Collected data entries
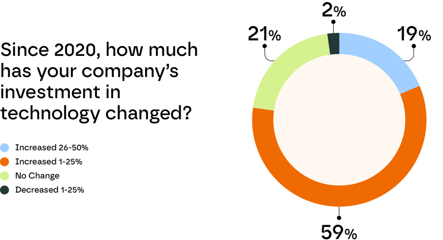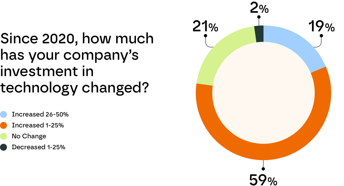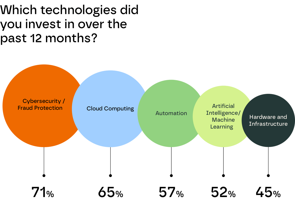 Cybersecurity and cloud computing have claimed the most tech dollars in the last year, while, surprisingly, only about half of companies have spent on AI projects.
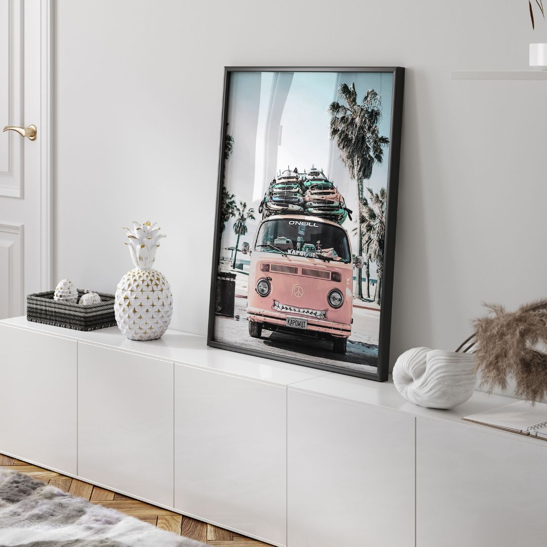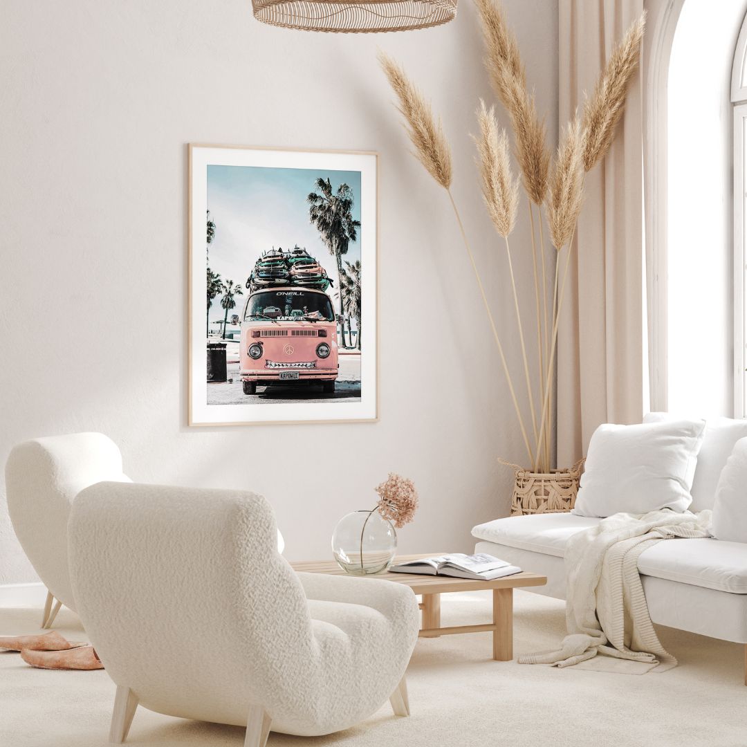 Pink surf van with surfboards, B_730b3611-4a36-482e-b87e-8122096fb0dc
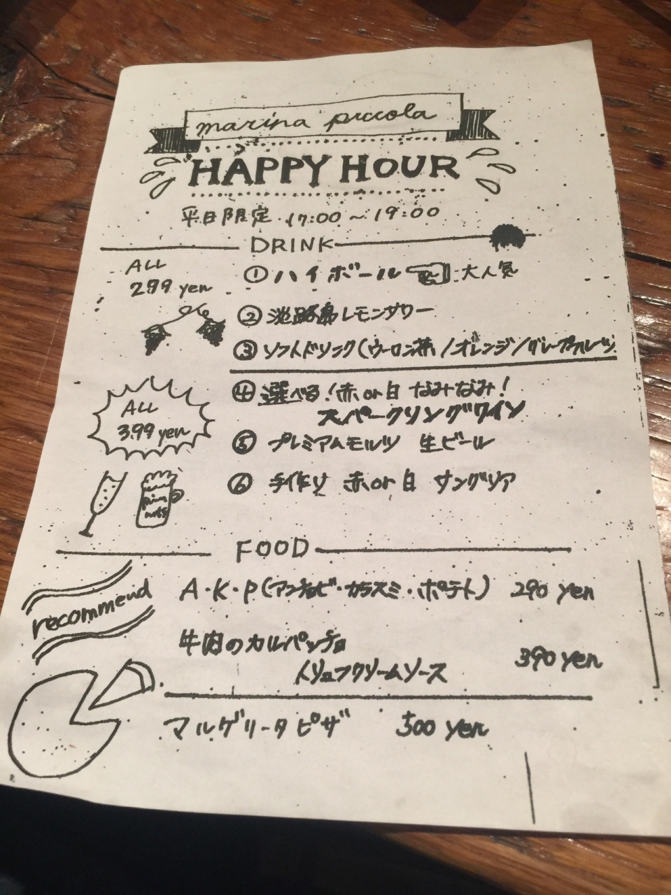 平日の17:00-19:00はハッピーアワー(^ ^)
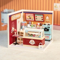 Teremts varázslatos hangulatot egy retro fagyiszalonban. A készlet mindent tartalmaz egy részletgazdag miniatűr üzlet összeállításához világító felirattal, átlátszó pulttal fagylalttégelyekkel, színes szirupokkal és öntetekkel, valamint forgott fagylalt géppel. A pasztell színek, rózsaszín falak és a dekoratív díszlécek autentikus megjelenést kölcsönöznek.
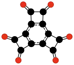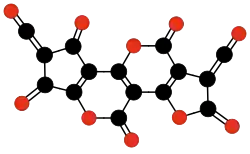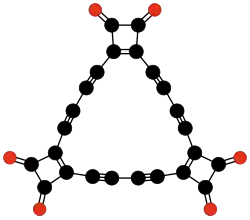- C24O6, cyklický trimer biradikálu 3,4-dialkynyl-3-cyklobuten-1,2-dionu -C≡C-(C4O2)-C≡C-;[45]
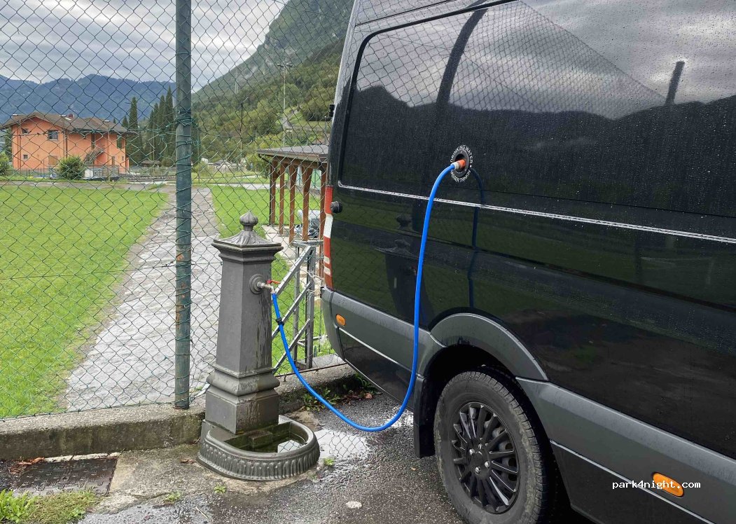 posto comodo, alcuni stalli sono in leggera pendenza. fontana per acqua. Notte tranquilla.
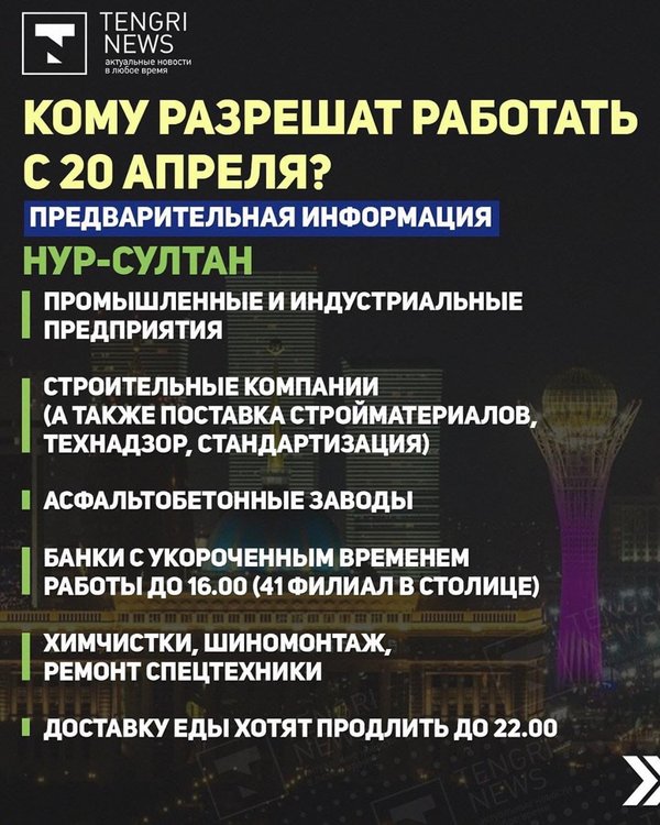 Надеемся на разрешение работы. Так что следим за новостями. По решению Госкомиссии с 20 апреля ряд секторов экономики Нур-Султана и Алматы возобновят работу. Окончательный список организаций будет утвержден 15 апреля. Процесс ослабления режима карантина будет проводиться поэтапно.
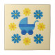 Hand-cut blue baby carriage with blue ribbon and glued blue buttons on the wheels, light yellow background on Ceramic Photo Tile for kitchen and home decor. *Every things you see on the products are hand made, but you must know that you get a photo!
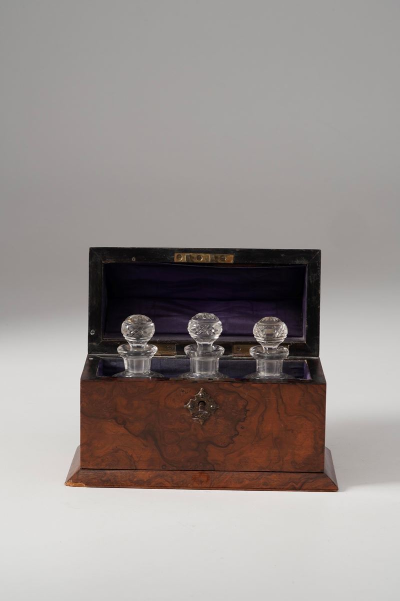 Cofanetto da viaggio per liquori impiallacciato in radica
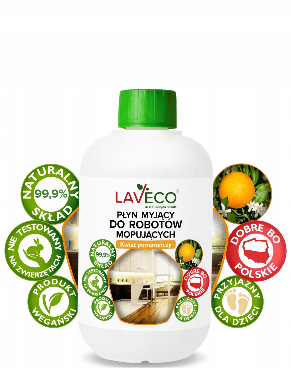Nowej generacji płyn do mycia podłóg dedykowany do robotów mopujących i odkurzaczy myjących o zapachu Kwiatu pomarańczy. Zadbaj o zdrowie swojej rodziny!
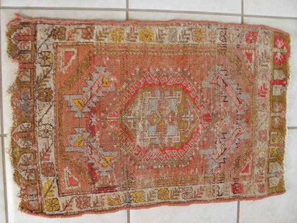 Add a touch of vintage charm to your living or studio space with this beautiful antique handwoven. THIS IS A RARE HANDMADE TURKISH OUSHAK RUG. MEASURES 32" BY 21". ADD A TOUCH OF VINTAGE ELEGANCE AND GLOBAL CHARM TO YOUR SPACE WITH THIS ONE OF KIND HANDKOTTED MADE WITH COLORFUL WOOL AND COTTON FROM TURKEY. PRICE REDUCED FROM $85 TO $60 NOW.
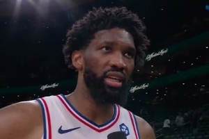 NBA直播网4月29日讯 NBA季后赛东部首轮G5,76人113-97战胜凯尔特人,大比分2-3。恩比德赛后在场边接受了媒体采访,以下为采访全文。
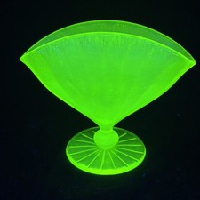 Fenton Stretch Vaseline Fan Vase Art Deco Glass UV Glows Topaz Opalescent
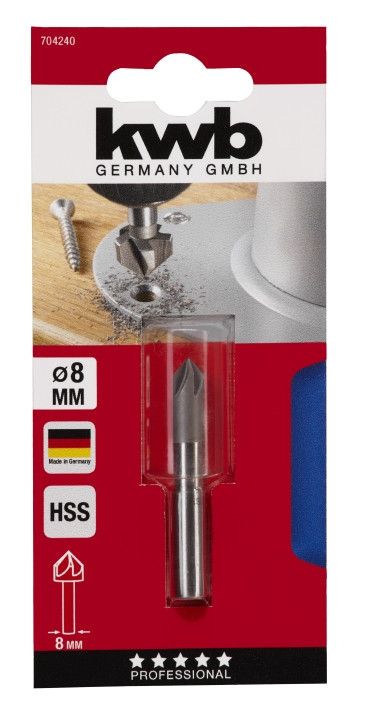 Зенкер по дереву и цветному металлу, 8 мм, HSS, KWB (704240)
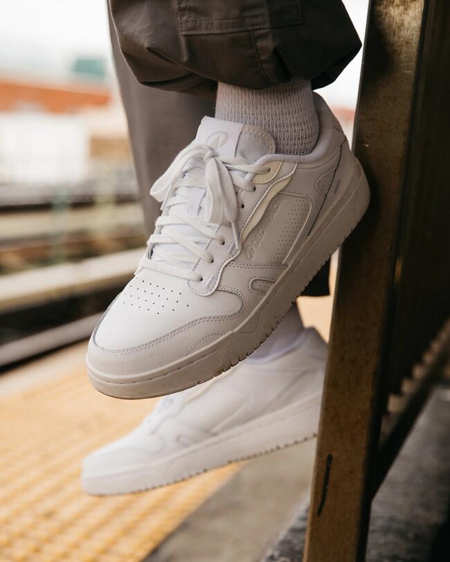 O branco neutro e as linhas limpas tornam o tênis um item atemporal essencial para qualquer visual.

▶ _Goal of the exercise_: Your copy should begin at the line containing "Зенкер по дереву" and end at the last line of the data above, matching each line exactly and holding no pictures.

▶ _The completed task_:
 Зенкер по дереву и цветному металлу, 8 мм, HSS, KWB (704240)
 O branco neutro e as linhas limpas tornam o tênis um item atemporal essencial para qualquer visual.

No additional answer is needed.